=== Exercise input ===
◆ ◆ ◆ ◆ ◆ ◆ ◆
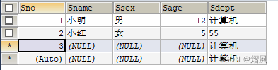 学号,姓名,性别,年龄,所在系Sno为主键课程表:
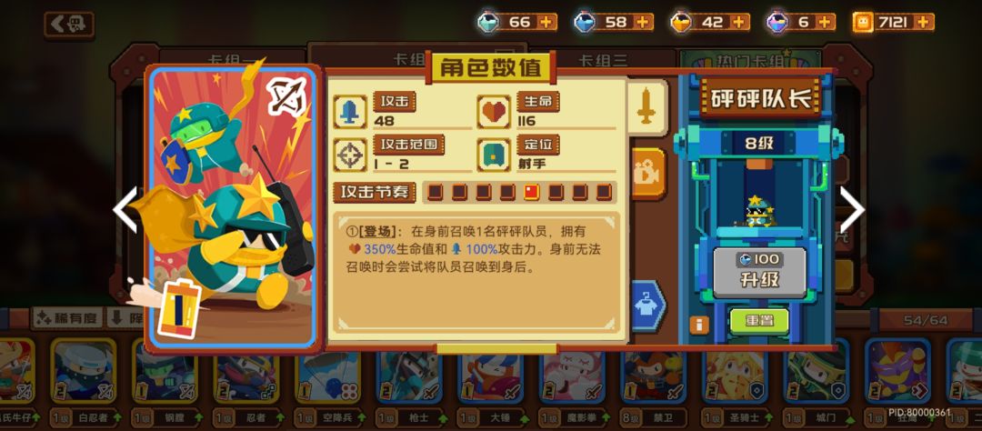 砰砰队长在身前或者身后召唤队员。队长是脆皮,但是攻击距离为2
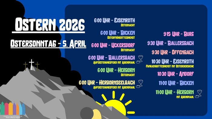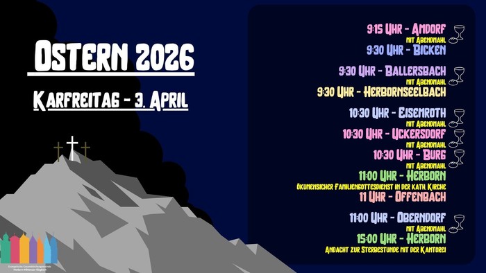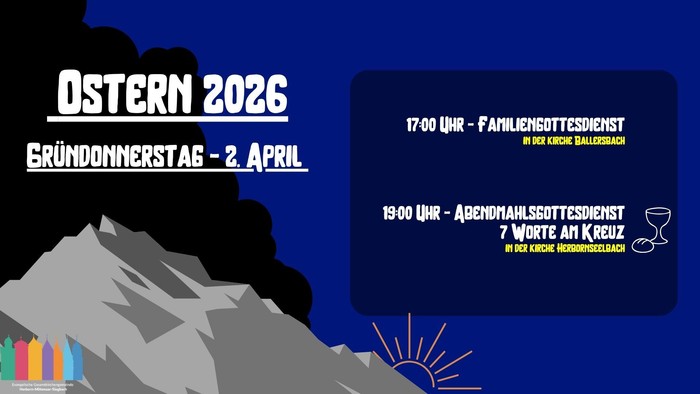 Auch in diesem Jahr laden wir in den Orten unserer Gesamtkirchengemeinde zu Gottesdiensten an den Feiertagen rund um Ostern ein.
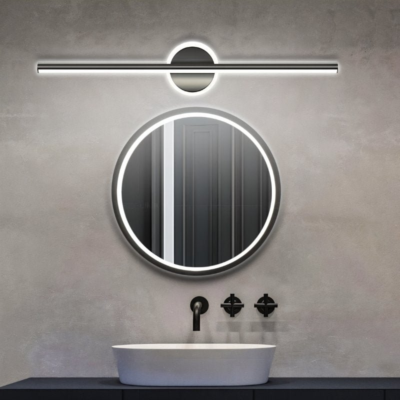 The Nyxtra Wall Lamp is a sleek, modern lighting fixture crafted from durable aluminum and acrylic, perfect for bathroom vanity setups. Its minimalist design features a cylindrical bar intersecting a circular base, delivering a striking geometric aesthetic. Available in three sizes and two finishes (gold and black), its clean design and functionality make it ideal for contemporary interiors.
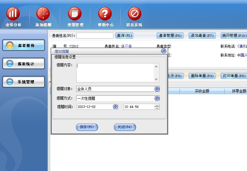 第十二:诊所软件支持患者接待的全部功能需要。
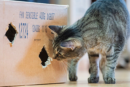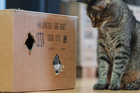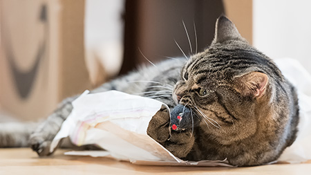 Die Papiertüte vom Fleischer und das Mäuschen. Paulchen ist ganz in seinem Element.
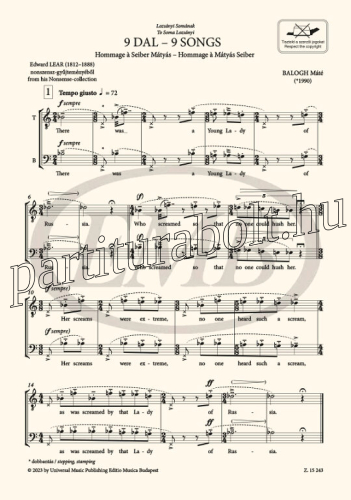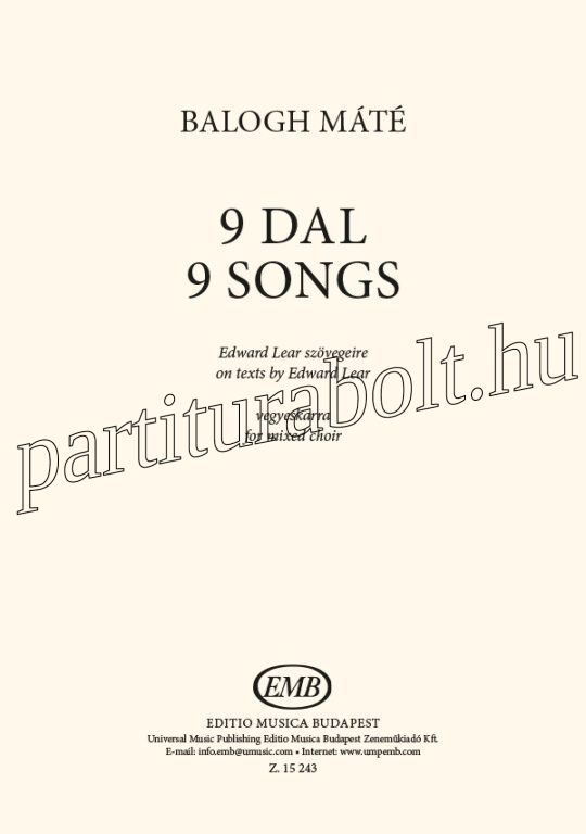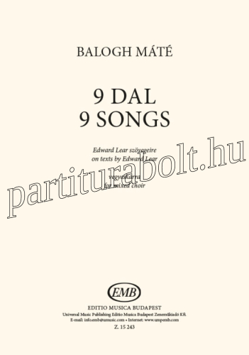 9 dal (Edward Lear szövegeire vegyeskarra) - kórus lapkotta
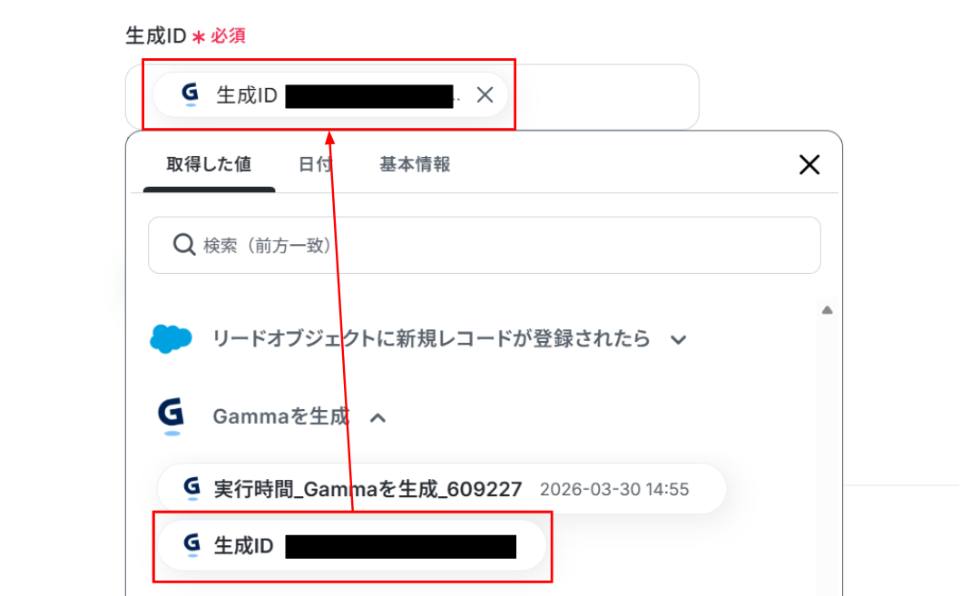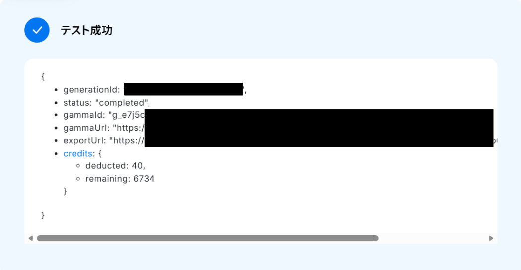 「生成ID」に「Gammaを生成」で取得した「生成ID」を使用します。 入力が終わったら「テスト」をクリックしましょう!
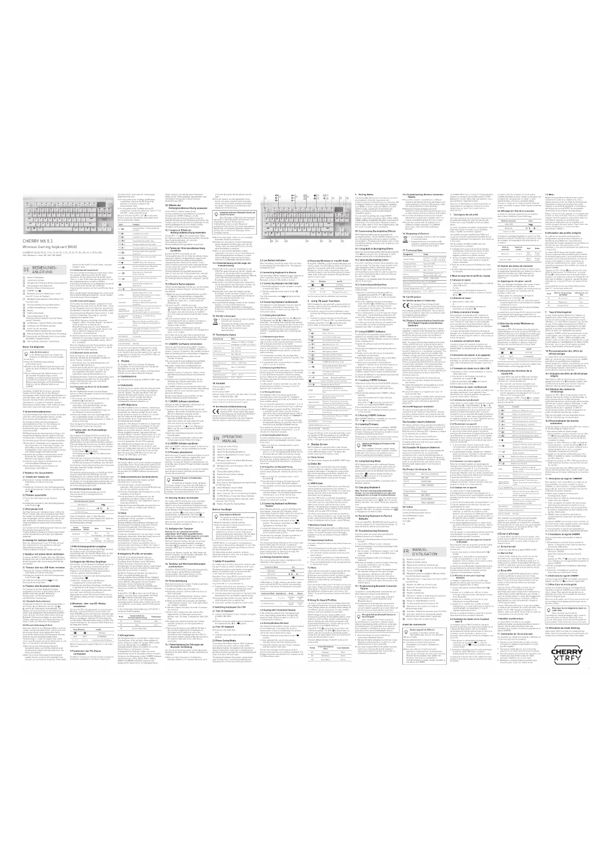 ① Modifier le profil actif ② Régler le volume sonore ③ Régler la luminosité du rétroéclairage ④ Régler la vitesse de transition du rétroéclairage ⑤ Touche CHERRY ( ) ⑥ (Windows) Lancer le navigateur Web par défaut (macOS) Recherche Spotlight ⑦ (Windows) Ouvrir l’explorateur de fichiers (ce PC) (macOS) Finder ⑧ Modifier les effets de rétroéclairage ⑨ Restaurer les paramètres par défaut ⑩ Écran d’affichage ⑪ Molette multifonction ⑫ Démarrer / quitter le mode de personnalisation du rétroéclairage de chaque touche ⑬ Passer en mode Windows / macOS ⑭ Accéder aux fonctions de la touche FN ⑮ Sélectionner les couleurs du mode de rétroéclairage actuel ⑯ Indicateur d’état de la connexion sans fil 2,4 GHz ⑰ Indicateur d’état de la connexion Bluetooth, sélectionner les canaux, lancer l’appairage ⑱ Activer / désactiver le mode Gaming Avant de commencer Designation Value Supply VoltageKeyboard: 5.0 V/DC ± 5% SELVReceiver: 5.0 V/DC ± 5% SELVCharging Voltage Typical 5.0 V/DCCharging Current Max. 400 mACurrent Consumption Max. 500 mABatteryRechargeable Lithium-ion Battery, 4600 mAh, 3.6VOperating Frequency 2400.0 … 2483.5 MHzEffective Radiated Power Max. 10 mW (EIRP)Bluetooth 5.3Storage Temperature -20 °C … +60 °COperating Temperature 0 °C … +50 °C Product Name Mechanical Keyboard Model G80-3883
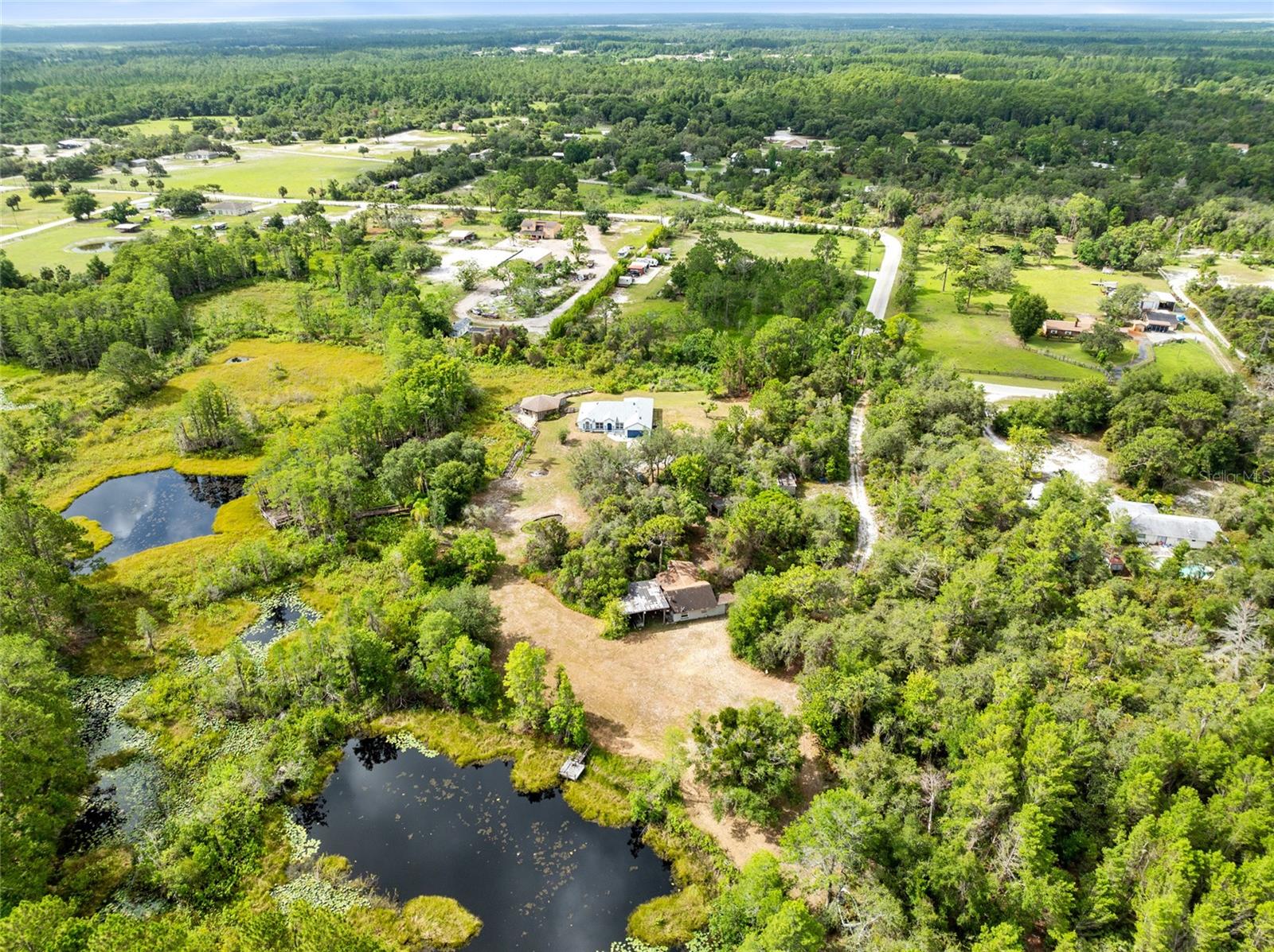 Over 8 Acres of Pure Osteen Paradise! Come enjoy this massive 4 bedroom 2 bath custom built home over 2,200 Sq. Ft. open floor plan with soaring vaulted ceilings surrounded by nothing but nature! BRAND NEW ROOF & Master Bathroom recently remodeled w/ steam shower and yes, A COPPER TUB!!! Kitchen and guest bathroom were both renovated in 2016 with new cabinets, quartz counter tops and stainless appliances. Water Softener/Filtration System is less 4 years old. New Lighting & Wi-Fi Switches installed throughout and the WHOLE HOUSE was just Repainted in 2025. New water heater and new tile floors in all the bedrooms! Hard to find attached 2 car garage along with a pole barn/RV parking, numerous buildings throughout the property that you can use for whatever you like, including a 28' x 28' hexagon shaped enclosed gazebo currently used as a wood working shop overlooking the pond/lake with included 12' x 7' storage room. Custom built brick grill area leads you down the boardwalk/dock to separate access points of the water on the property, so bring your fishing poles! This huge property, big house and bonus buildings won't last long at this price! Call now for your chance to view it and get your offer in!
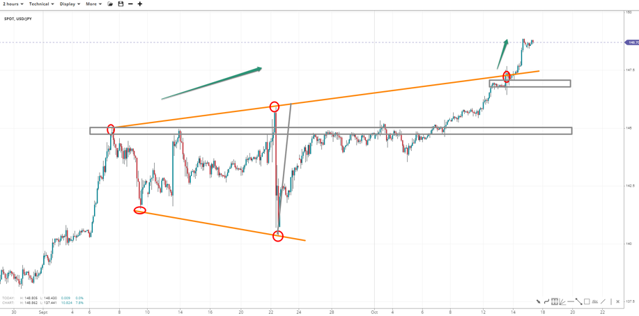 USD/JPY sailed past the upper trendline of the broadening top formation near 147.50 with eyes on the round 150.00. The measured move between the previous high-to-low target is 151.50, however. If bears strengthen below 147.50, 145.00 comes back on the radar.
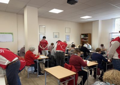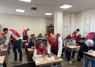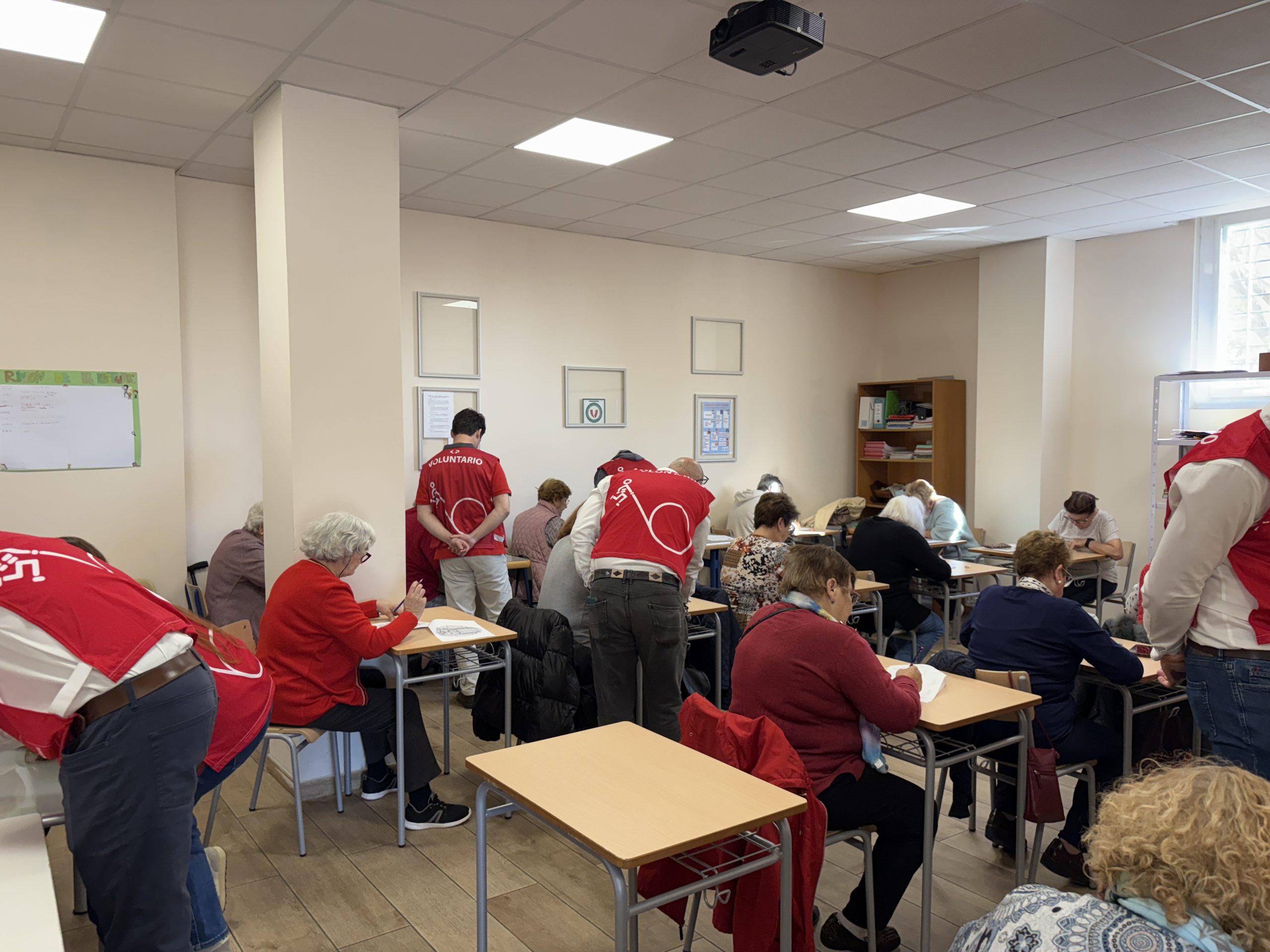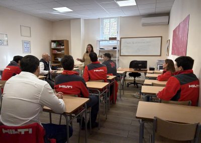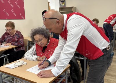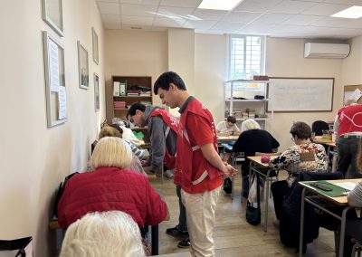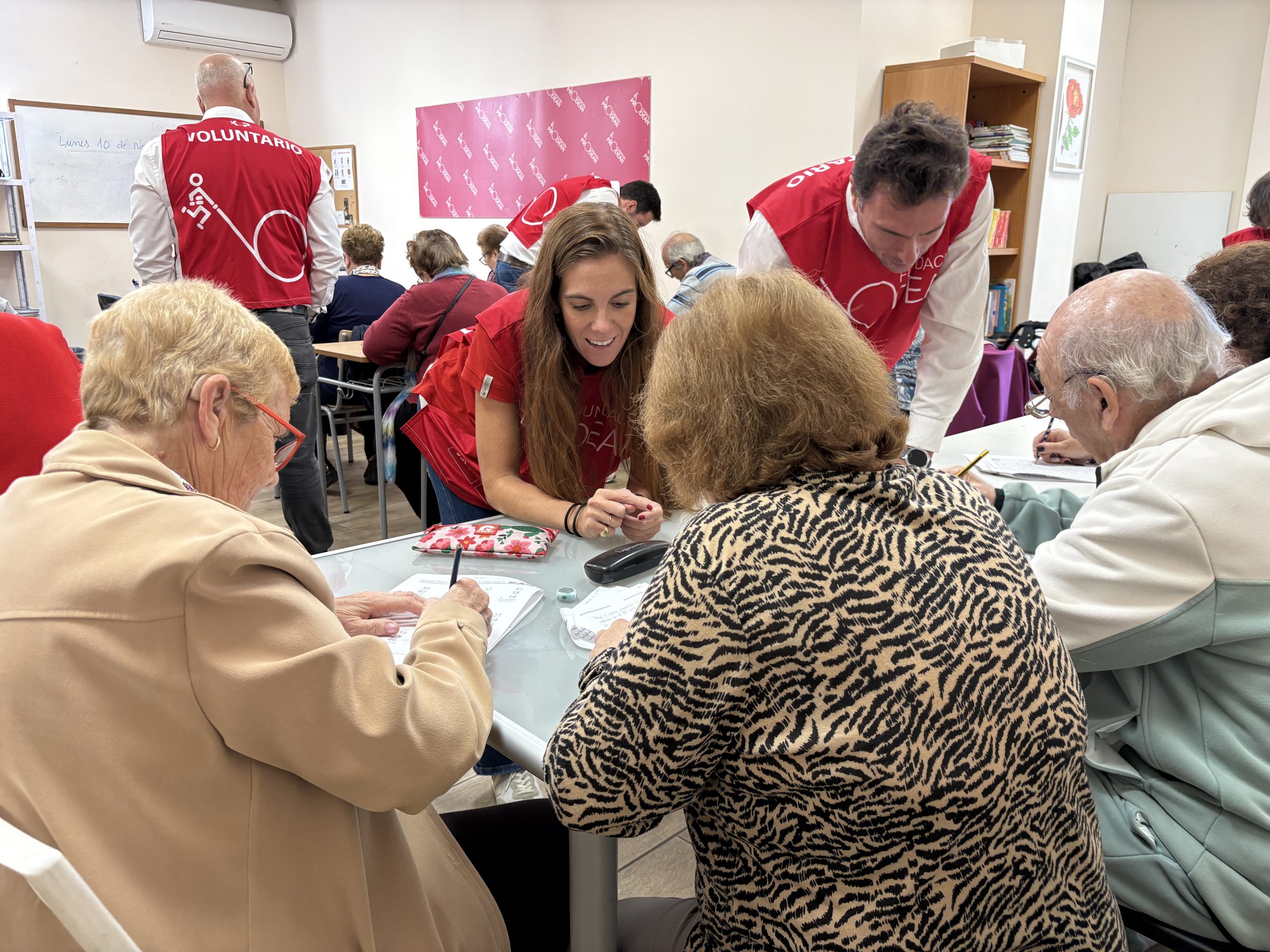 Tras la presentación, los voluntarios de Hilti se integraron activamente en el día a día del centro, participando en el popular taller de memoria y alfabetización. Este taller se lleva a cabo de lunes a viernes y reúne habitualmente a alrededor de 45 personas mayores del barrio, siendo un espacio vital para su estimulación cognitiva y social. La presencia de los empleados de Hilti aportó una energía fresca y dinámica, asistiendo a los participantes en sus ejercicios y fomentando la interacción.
◆ ◆ ◆ ◆ ◆ ◆ ◆
Every line from the start of the material through the line holding "9 dal (Edward" must be returned exactly, and the pictures must not.

 学号,姓名,性别,年龄,所在系Sno为主键课程表:
 砰砰队长在身前或者身后召唤队员。队长是脆皮,但是攻击距离为2
 Auch in diesem Jahr laden wir in den Orten unserer Gesamtkirchengemeinde zu Gottesdiensten an den Feiertagen rund um Ostern ein.
 The Nyxtra Wall Lamp is a sleek, modern lighting fixture crafted from durable aluminum and acrylic, perfect for bathroom vanity setups. Its minimalist design features a cylindrical bar intersecting a circular base, delivering a striking geometric aesthetic. Available in three sizes and two finishes (gold and black), its clean design and functionality make it ideal for contemporary interiors.
 第十二:诊所软件支持患者接待的全部功能需要。
 Die Papiertüte vom Fleischer und das Mäuschen. Paulchen ist ganz in seinem Element.
 9 dal (Edward Lear szövegeire vegyeskarra) - kórus lapkotta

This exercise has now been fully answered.